Как-то раз за поеданием чикен карри и тхали у нас случился экзистенциальный разговор.
– Барченко, скажи, ради чего ты все это делаешь?
– Что «все»?
– Министерство. Из архивов перевелся на более опасную работу. Так упорно роешь дела.
– А ты не упорно роешь?
– Я тебя спросила.
– Мне кажется, мы об этом уже начинали говорить. Ты опять травмы друг друга хочешь обсудить?
– То есть ты просто зарываешься в работе от проблем?
Я начал немного выходить из себя. Что хочет-то?
– Можно и так сказать. А еще я действительно люблю этот город и даже некоторых жителей. Этих обычных москвичей, что не подозревают, что у них под носом. Тех, кто вечно бежит по делам, стоит в пробках, женится, заводит собак, врет и ворует (их меньше), обсуждает новые рестораны и сериалы, ссорится и мирится… А вот чего ты хочешь?
– Альтруист, значит?
Я защитно сложил руки на груди.
– Капельку. Почему ты спрашиваешь? Почему ты здесь?

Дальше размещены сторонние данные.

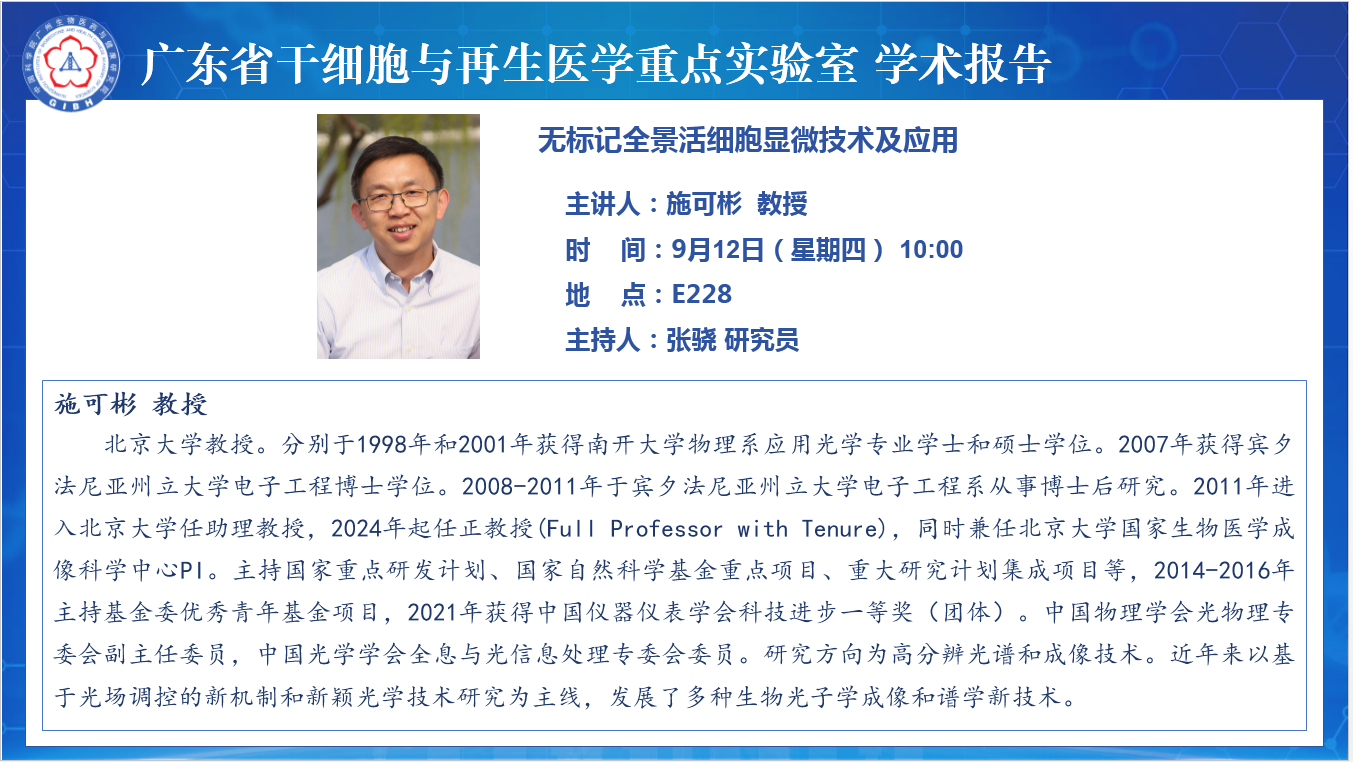 2024年9月12日廣東省干細胞與再生醫(yī)學重點實驗室學術報告:無標記全景活細胞顯微技術及應用

– А я выбирала? Меня за руку привели. Я все чаще задумываюсь о том, что судьбу мы не выбираем. И что все циклично. Вот ты же можешь теоретически из министерства уволиться?
– Могу.
– Но не станешь. Твой дед ловил гастролеров, отец ловил гастролеров, теперь ты ловишь гастролеров и будешь ловить. Я… неважно. Короче, так всегда, иллюзия выбора есть, а на деле события или твои страхи несут тебя по одной проторенной дорожке. И события как будто повторяются. Ты же меня не бросишь? Мы и дальше будем напарниками? – она вдруг схватила меня за прижатую к груди ладонь.
Я опешил. Аккуратно отогнул от моей руки ее крепко сжатые пальцы и пожал ее ладонь, сводя все в шутку.

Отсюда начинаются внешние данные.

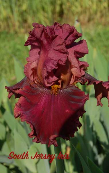 Paul Black, 2016.  TB; ht approx 35"; blooms early to midseason.  Standards rose-ruby, tan-ruby at base, caramel ridge and crest; falls velvety dark oxblood, narrow tan-ruby band; beards dark caramel gold; slight musky fragrance.  Honorable Mention 2018.
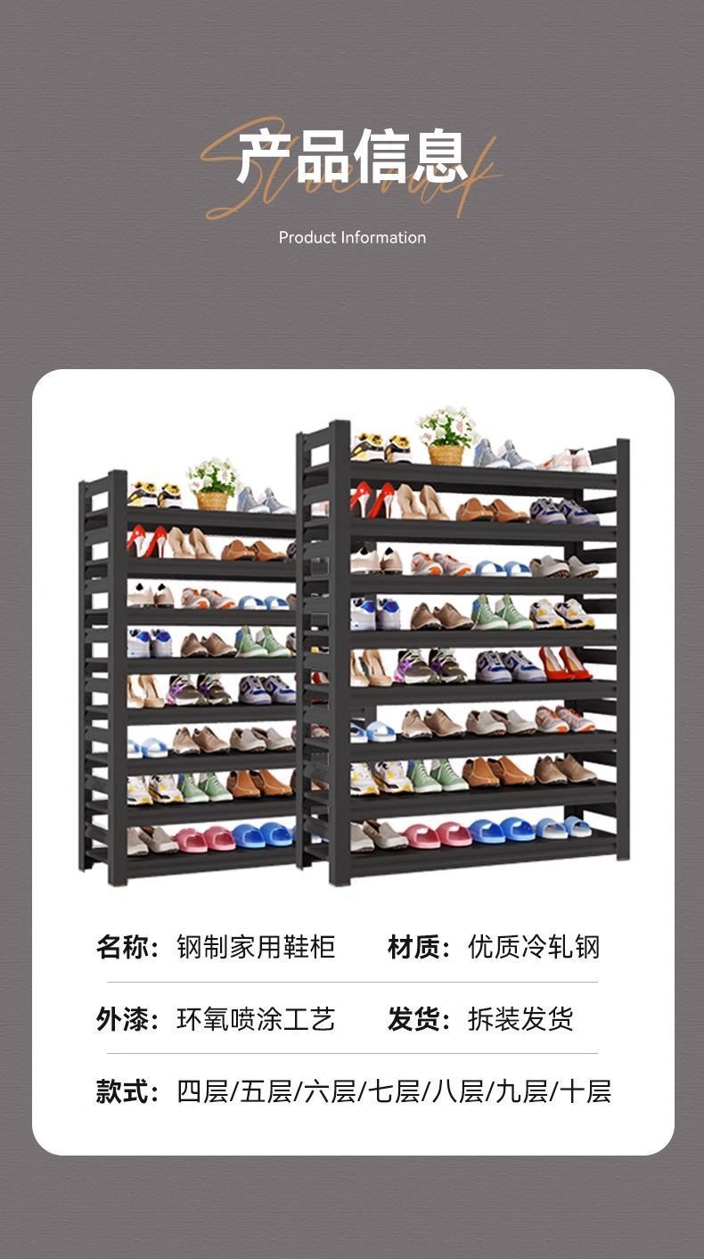 가정용 실내 도어 스틸 신발 선반 간단한 다층 대용량 스틸 프레임 공간 절약 경제적 인 가정용 신발 캐비닛

– Вот это тебя, мать, на философию потянуло. Что случилось?
– Майка в жопу засучилась! Отвечай!
– Да нет, что ты. Тут из-за тебя стало веселее работать.
– И мне с тобой веселее работать. Запомни, я тоже твою жопу когда-то прикрою. Не люблю быть должником. И хватит болтать, давай рассказывай, что нарыл про авангардистов.
Мы улыбнулись друг другу, и она чуть отвела взгляд.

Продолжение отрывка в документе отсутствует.